The number of CFTR mRNA transcripts was measured as a function of different Ad.CFTR infection doses, from 0.01 to 1. The plot in Figure 1, panel D indicates that the assay makes it possible to detect CFTR transcripts in a dose-dependent fashion, which reflects the consistency of the method. The detection limit of this assay has been calculated by a dilution assay in the minimum level of 20 transcript copies, which can be obtained in our experimental conditions by infecting A549 cells at the infection dose of 0.01 MOI. As expected, the detection limit of this transcript assay is much lower than that observed by detecting gene expression by protein analysis, e.g. by the classic APAAP immunocytochemistry assay applied to CFTR protein detection (Cordell et al, 1984; Renier et al, 1995). In parallel experiments of infection of A549 cells with Ad.CFTR in vitro, we found that the lowest infection dose allowing a detectable signal with APAAP assay was higher by two orders of magnitude (1-5 MOI, data not shown).

B. Expression of endogenous CFTR transcript in human airway cells ex vivo

Levels of vector-encoded transcript can be compared in parallel to the endogenous transcript for estimation of the extent of gene replacement. Therefore, single-tube competitive RT-PCR was applied to measure the steady-state copies of endogenous CFTR mRNA in respiratory cells. Surface nasal cells from human subjects were brushed and analysed for endogenous transcript expression.

Preliminary results showed a great sample to sample variability in the steady-state levels of endogenous CFTR mRNA, suggesting that RNA degradation from these samples obtained ex vivo from nasal mucosa is a major problem. This limitation was overcome by quantitating the Human Cytokeratin - 15 (HCK-15) transcript (Leube et al, 1988), which is constitutively expressed in respiratory epithelial cells. Both CFTR and HCK-15 were co-amplified in the presence of their respective homologous competitor templates. Table 1 reports the CFTR/HCK-15 transcript ratio, in 10 non-CF individuals (mean 1.45, SD = 0.74). Therefore, the method in question can provide reliable evaluation of endogenous CFTR transcripts, after normalisation with a reporter gene.

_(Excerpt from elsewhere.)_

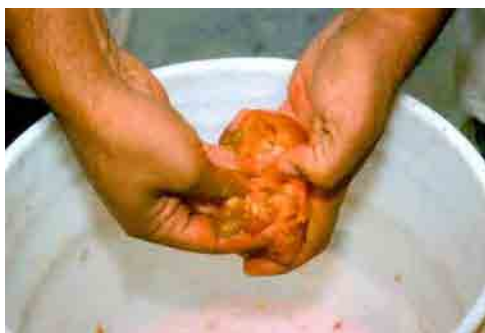
Fig. 47. Extracting seeds by hand

A layer of fungus will begin to appear on the top of the mixture after a couple of days.

C. Relative expression of wild type vs. DF508 CFTR transcript in human airway cells

Since the most common mutation of the CF gene is the deletion of the three bases encoding for Phe 508 (DF508), the assay can be made much simpler and more rapid by direct comparison between the amounts of wt and mutated transcript. This is possible for two reasons. First, it should be recalled that the DNA automated sequencer utilised in these assays can discriminate fragments differing only a few bases in length. Second, in the simultaneous presence of the wt and mutated alleles, each transcript competes with and normalizes the other, without the need for a homologous competitor and analysis of a reporter gene. This approach was first applied to endogenous transcripts of healthy carriers of the DF508 mutation in nasal respiratory cells, obtained ex vivo by brushing. Figure 2, panel A, shows a representative experiment in which very similar levels of transcription were observed for normal and DF508 CFTR alleles. The almost equivalent areas of the peaks at 100 and 103 nucleotides correspond to mutated and normal CFTR fragments, respectively. Extension of the analysis to other healthy carriers of DF508 mutation gave a wt/DF508 CFTR mRNA ratio of 0.90 ± 0.15 (mean ± SD, 4 subjects tested in triplicate; individual values = 0.75 ± 0.17, 0.92 ± 0.05, 1.05 ± 0.07, 0.86 ± 0.10), which is consistent with results obtained by other investigators utilising a different technique (Trapnell et al, 1991). The second application was to test the direct wt/mutated approach in respiratory cells obtained from nasal polyps, excised from CF patients homozygous for the DF508 mutation, cultured and infected in vitro with Ad.CFTR (72 h at MOI 10). In our experimental conditions, the steady state level of the wt transcript encoded by Ad.CFTR was 3 to 4 times higher than in the case of the endogenous DF508 mutation, as judged by the peak areas shown in Figure 2, panel B. We found a wt/mutated ratio of 3.64 ± 1.27 (mean ± SD, 4 separate cultures from 2 individuals tested in duplicate). Though we consider the direct wt/mutated transcript comparison a simplified application of the competitive method, it seems potentially appropriate for gene transfer experiments as a source of rapid information on relative transcript expression in human clinical trials enrolling CF patients homozygous for DF508 mutation.

D. Relative expression of vector-encoded vs. endogenous CFTR transcript in mouse lung

The direct comparison of vector-encoded and endogenous CFTR mRNA can be usefully applied to pre-clinical studies in which interspecies homologies can be utilised to amplify with the same set of primers the human vector-encoded and the endogenous mouse CFTR sequences. Similarly to wt and DF508 transcripts, exogenous and endogenous CFTR transcripts can compete each other, and the endogenous transcript directly normalizes for RNA degradation. By choosing a portion of the genes in which the two species differ for at least one base in length, it is possible to distinguish the specific signal by running the samples labelled with a fluorescent primer in a 4-6 % denaturing polyacrylamide gel electrophoresis with the automated sequencer.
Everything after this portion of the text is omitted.